───── Exercise data

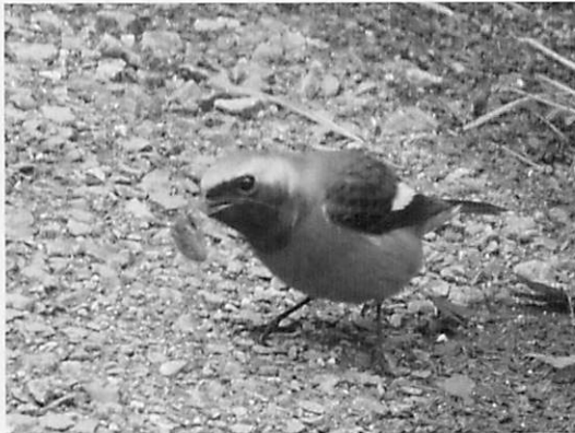
図7 ジョウビタキ (ツグミ科：冬鳥) ・捕まえた昆虫を何回か地面にたたきつけて食べやすくしているようでした。
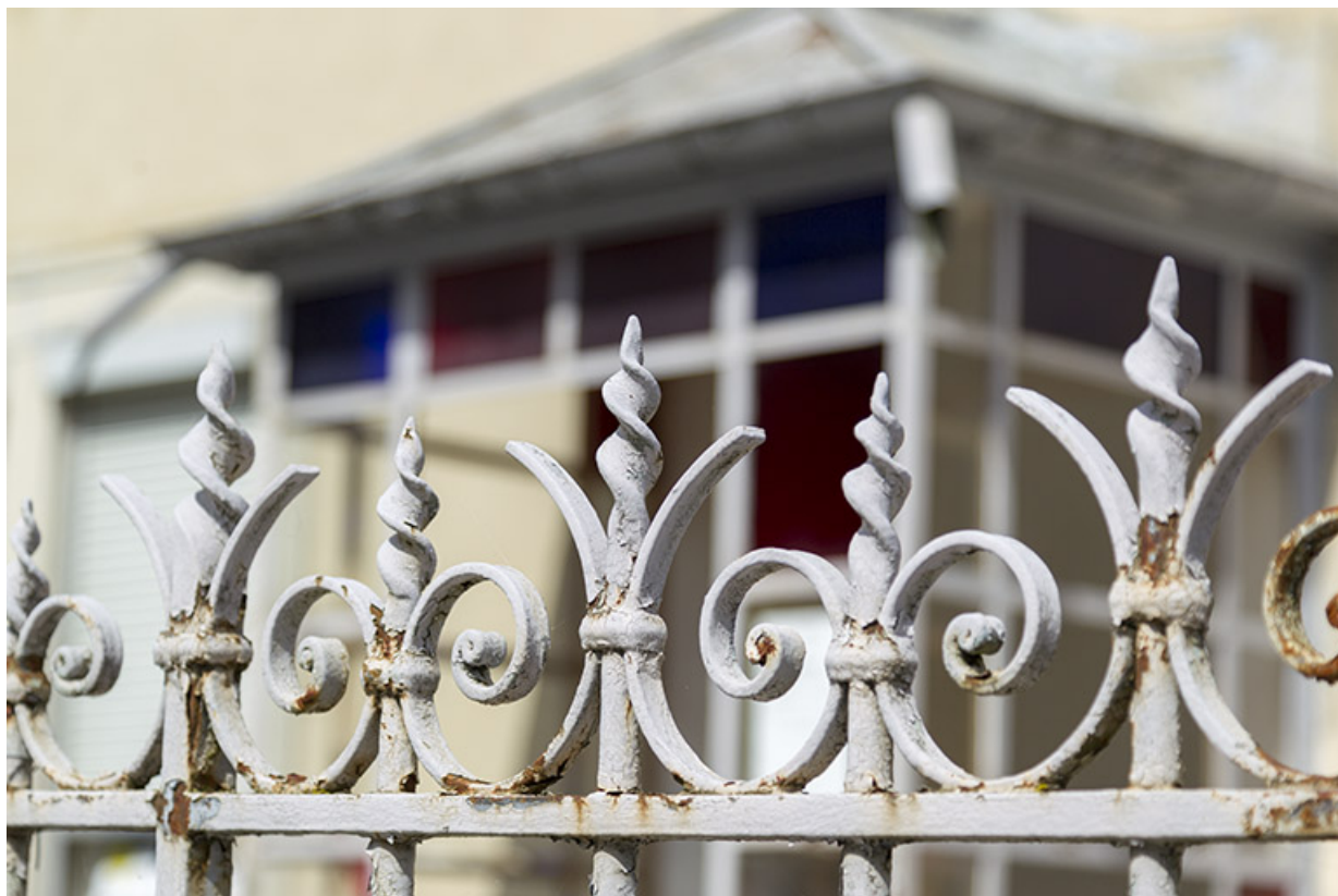
Détail de la ferronnerie de la grille de clôture.
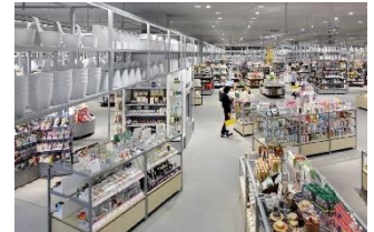
<クランク導線イメージ>

ロフトの売場は、お買い物時間を楽しむことを意図したクランク導線(導線がジグザグした回遊性が高まる売場)を採用しています。お客さまがお気に入りの商品を選ぶために店内を回遊する中で、各所に設けた編集提案拠点では、新商品や旬の商品、新しい使い方等の発見が待っています。店内案内には、わかりやすい新柱サインも導入しました。
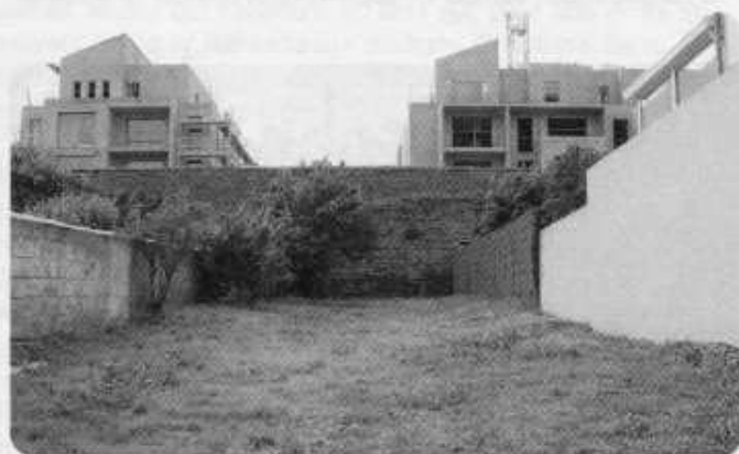
Mur de l'ex-caserne et futur cheminement piéton ?

Pour en profiter, la Ville de Rennes a prévu un cheminement piétons-vélos à partir du percement du mur d'enceinte. Pour que cette opération du plus grand intérêt ne soit pas vaine, il est désormais urgent que le projet de passerelle sur le canal entre dans sa phase décisionnelle.
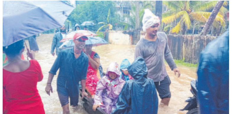
Überschwemmungen kommen in der Regenzeit hin und wieder vor. In diesem Jahr regnete es aber außergewöhnlich lange.
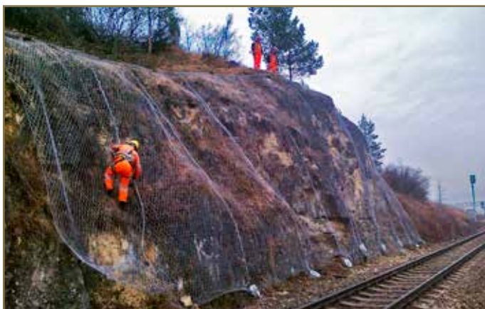
Aj toto je práca tunelárov.
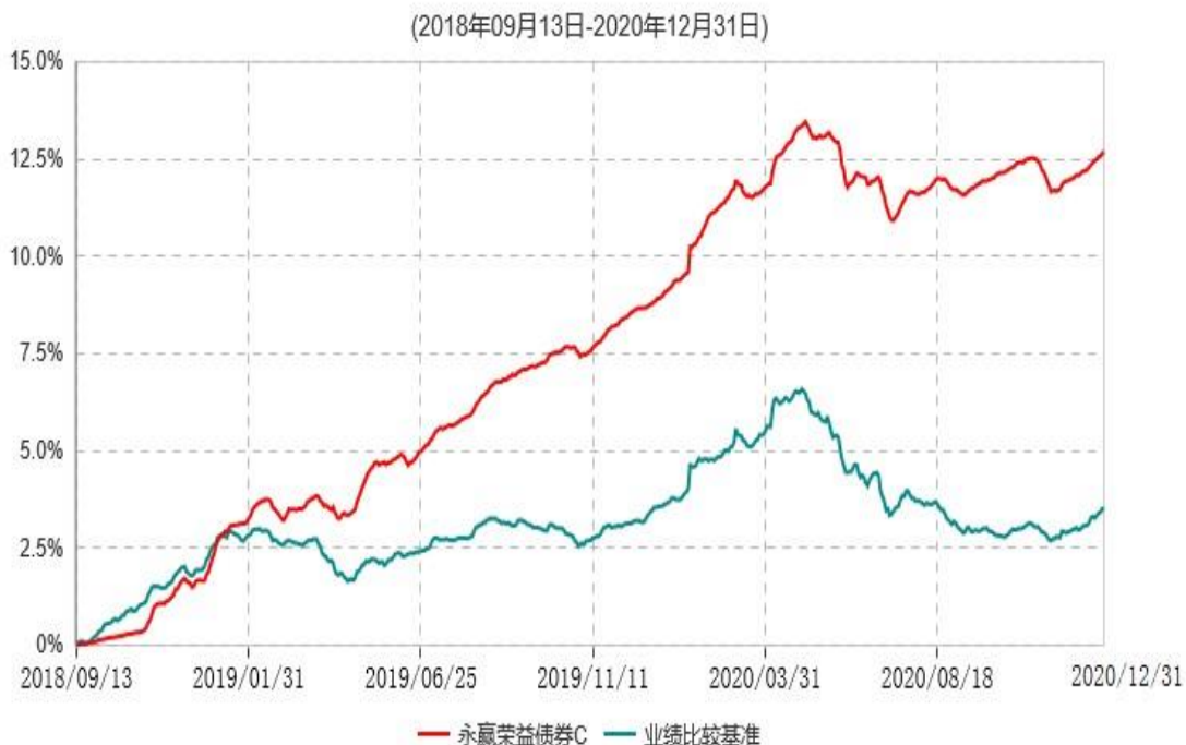
永赢荣益债券C累计净值增长率与业绩比较基准收益率历史走势对比图
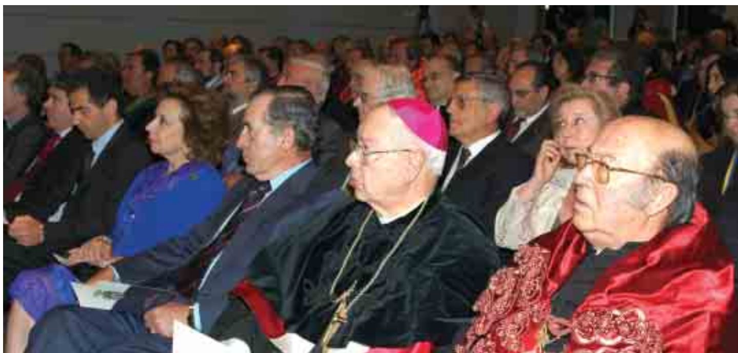
Aspecto geral da assistência

também não quis deixar de testemunhar a importância do evento. RTP, SIC, TVI, Jornal Público, Rádio Renascença, Agência Eclésia, Jornal Família Cristã foram alguns dos órgãos portugueses que fizeram a cobertura da cerimónia, entrevistando o Cardeal sobre assuntos da actualidade ●
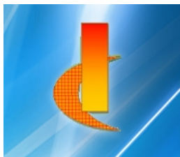
Istituto Comprensivo Statale "G. Murari" Valeggio sul Mincio (VR)
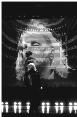
写真3『アンデルセン・プロジェクト』

スクリーンには、フレデリックの顔が大きく映し出される。それは、スポットライトを浴び、観客を見ているフレデリック、すなわちオペラ座の観客から見たフレデリックである。興味深いのは、その映像にオペラ座の客席が重ね合わされる点である。これはフレデリックから見た客席である。つまりこの場面では、フレデリックと観客という2方向からの異なる視線が、1つのスクリーン上で逢着するのである。そして、そのスクリーンに対峙する生身のフレデリックと、『アンデルセン・プロジェクト』という作品を観ている実際の観客の存在が、さらにその関係性を複雑にする。フレデリックは、オペラ座の観客を見る存在であると同時に、その観客から見られる存在でもある。そしてスクリーンの前に佇む生身のフレデリックは、スクリーン上に映った自分の顔、つまりオペラ座の観客に見られている自分の映像をも見ている。これにより、フレデリックはオペラ座の観客と視線を共有することになる。ルパージュの『アンデルセン・プロジェクト』を観て
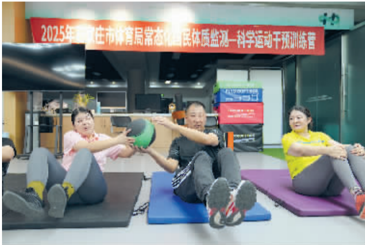
■大家在进行传球游戏。
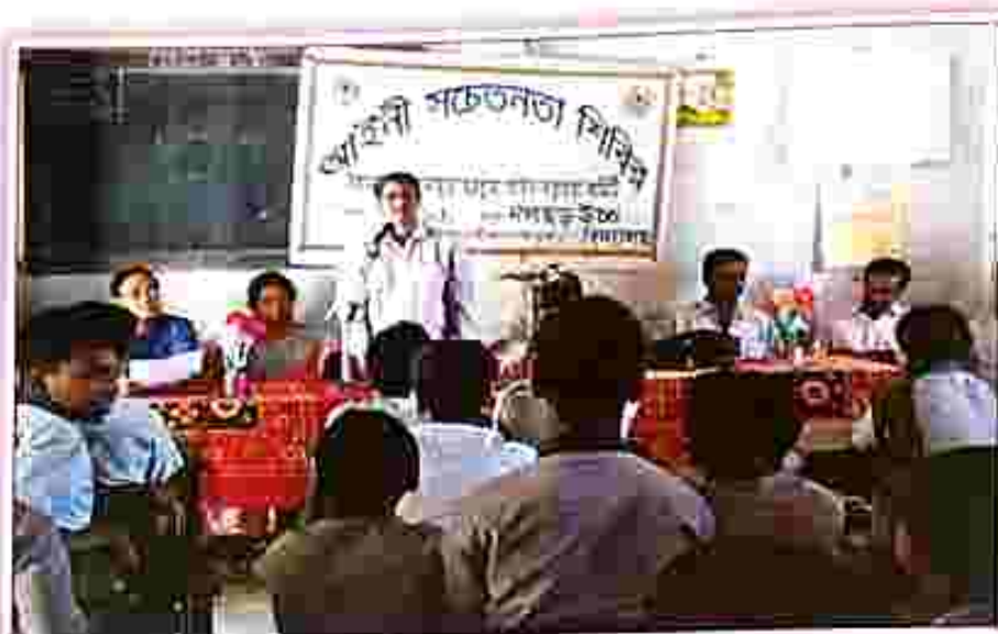
Legal literacy programme held at Nakhar high secondary school.
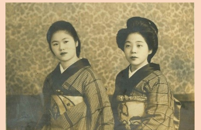
西洋風の髪型の女性と日本髪の女性 （料亭やよい所蔵）
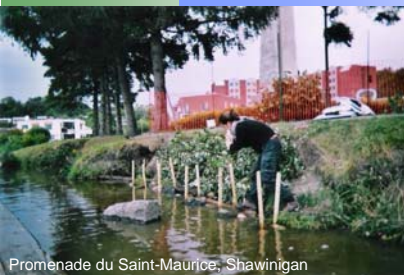
Promenade du Saint-Maurice, Shawinigan

──────────

(What needs to be done)
Each entry above is to be given again exactly, and any image in it is to be dropped.

(Exercise result)
図7 ジョウビタキ (ツグミ科：冬鳥) ・捕まえた昆虫を何回か地面にたたきつけて食べやすくしているようでした。
Détail de la ferronnerie de la grille de clôture.
<クランク導線イメージ>

ロフトの売場は、お買い物時間を楽しむことを意図したクランク導線(導線がジグザグした回遊性が高まる売場)を採用しています。お客さまがお気に入りの商品を選ぶために店内を回遊する中で、各所に設けた編集提案拠点では、新商品や旬の商品、新しい使い方等の発見が待っています。店内案内には、わかりやすい新柱サインも導入しました。
Mur de l'ex-caserne et futur cheminement piéton ?

Pour en profiter, la Ville de Rennes a prévu un cheminement piétons-vélos à partir du percement du mur d'enceinte. Pour que cette opération du plus grand intérêt ne soit pas vaine, il est désormais urgent que le projet de passerelle sur le canal entre dans sa phase décisionnelle.
Überschwemmungen kommen in der Regenzeit hin und wieder vor. In diesem Jahr regnete es aber außergewöhnlich lange.
Aj toto je práca tunelárov.
永赢荣益债券C累计净值增长率与业绩比较基准收益率历史走势对比图
Aspecto geral da assistência

também não quis deixar de testemunhar a importância do evento. RTP, SIC, TVI, Jornal Público, Rádio Renascença, Agência Eclésia, Jornal Família Cristã foram alguns dos órgãos portugueses que fizeram a cobertura da cerimónia, entrevistando o Cardeal sobre assuntos da actualidade ●
Istituto Comprensivo Statale "G. Murari" Valeggio sul Mincio (VR)
写真3『アンデルセン・プロジェクト』

スクリーンには、フレデリックの顔が大きく映し出される。それは、スポットライトを浴び、観客を見ているフレデリック、すなわちオペラ座の観客から見たフレデリックである。興味深いのは、その映像にオペラ座の客席が重ね合わされる点である。これはフレデリックから見た客席である。つまりこの場面では、フレデリックと観客という2方向からの異なる視線が、1つのスクリーン上で逢着するのである。そして、そのスクリーンに対峙する生身のフレデリックと、『アンデルセン・プロジェクト』という作品を観ている実際の観客の存在が、さらにその関係性を複雑にする。フレデリックは、オペラ座の観客を見る存在であると同時に、その観客から見られる存在でもある。そしてスクリーンの前に佇む生身のフレデリックは、スクリーン上に映った自分の顔、つまりオペラ座の観客に見られている自分の映像をも見ている。これにより、フレデリックはオペラ座の観客と視線を共有することになる。ルパージュの『アンデルセン・プロジェクト』を観て
■大家在进行传球游戏。
Legal literacy programme held at Nakhar high secondary school.
西洋風の髪型の女性と日本髪の女性 （料亭やよい所蔵）
Promenade du Saint-Maurice, Shawinigan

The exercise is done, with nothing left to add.